Measurement and control of a superconducting quantum processor with a fully-integrated radio-frequency system on a chip

  1. Mats O. Tholén,
  2. Riccardo Borgani,
  3. Giuseppe Ruggero Di Carlo,
  4. Andreas Bengtsson,
  5. Christian Križan,
  6. Marina Kudra,
  7. Giovanna Tancredi,
  8. Jonas Bylander,
  9. Per Delsing,
  10. Simone Gasparinetti,
  11. and David B. Haviland
We describe a digital microwave platform called Presto, designed for measurement and control of multiple quantum bits (qubits) and based on the third-generation radio-frequency system
on a chip. Presto uses direct digital synthesis to create signals up to 9 GHz on 16 synchronous output ports, while synchronously analyzing response on 16 input ports. Presto has 16 DC-bias outputs, 4 inputs and 4 outputs for digital triggers or markers, and two continuous-wave outputs for synthesizing frequencies up to 15 GHz. Scaling to a large number of qubits is enabled through deterministic synchronization of multiple Presto units. A Python application programming interface configures a firmware for synthesis and analysis of pulses, coordinated by an event sequencer. The analysis integrates template matching (matched filtering) and low-latency (184 – 254 ns) feedback to enable a wide range of multi-qubit experiments.
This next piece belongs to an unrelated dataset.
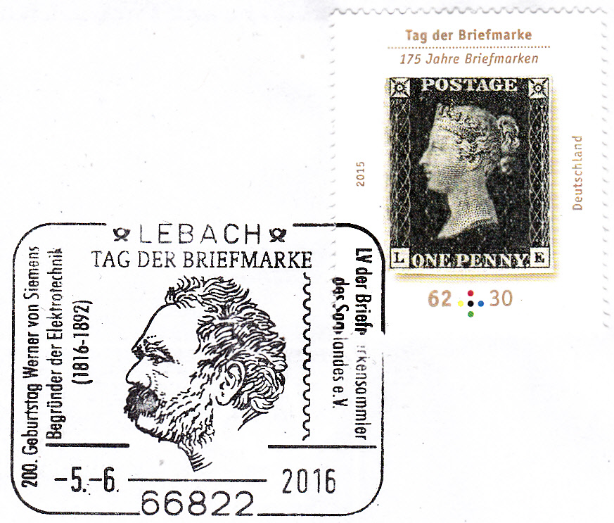 Bereits am 5.6.2016 gab es in Lebach den ersten Sonderstempel zum Tag der Briefmarke 2016. Im Stempel wird Werner von Siemens gezeigt und an seinen Geburtstag vor 200 Jahren erinnert.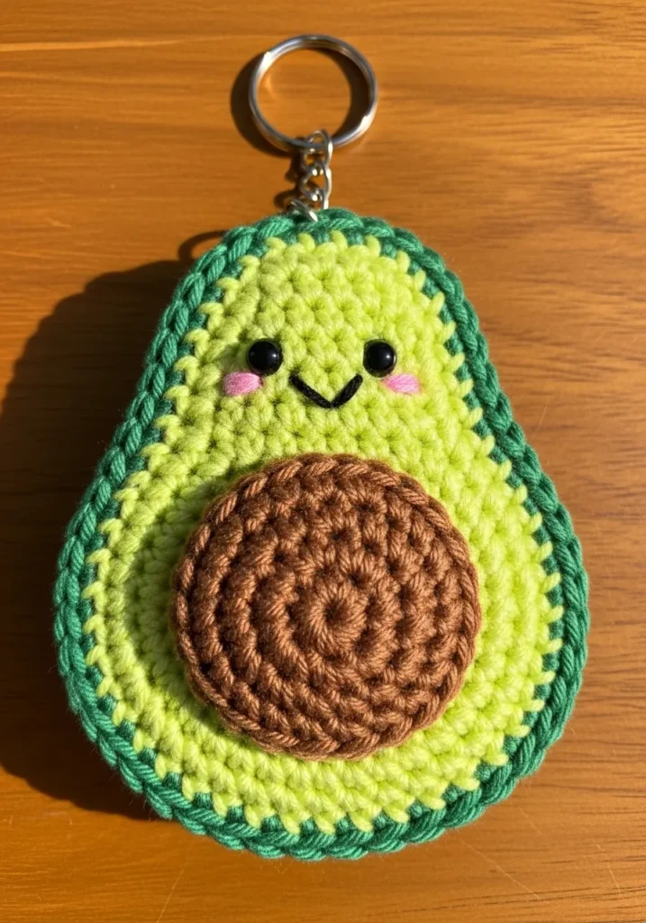 This adorable crochet avocado keychain is made with layered green yarn and a textured brown pit stitched right in the center. The tiny embroidered smile and blush cheeks give it that sweet kawaii vibe, and the small metal ring at the top makes it ready to clip onto a bag. The stitches are tight and rounded, giving it a soft yet structured shape.

We demonstrate Presto’s capabilities with experiments on a sample consisting of two superconducting qubits connected via a flux-tunable coupler. We show single-shot readout and active reset of a single qubit; randomized benchmarking of single-qubit gates showing 99.972% fidelity, limited by the coherence time of the qubit; and calibration of a two-qubit iSWAP gate.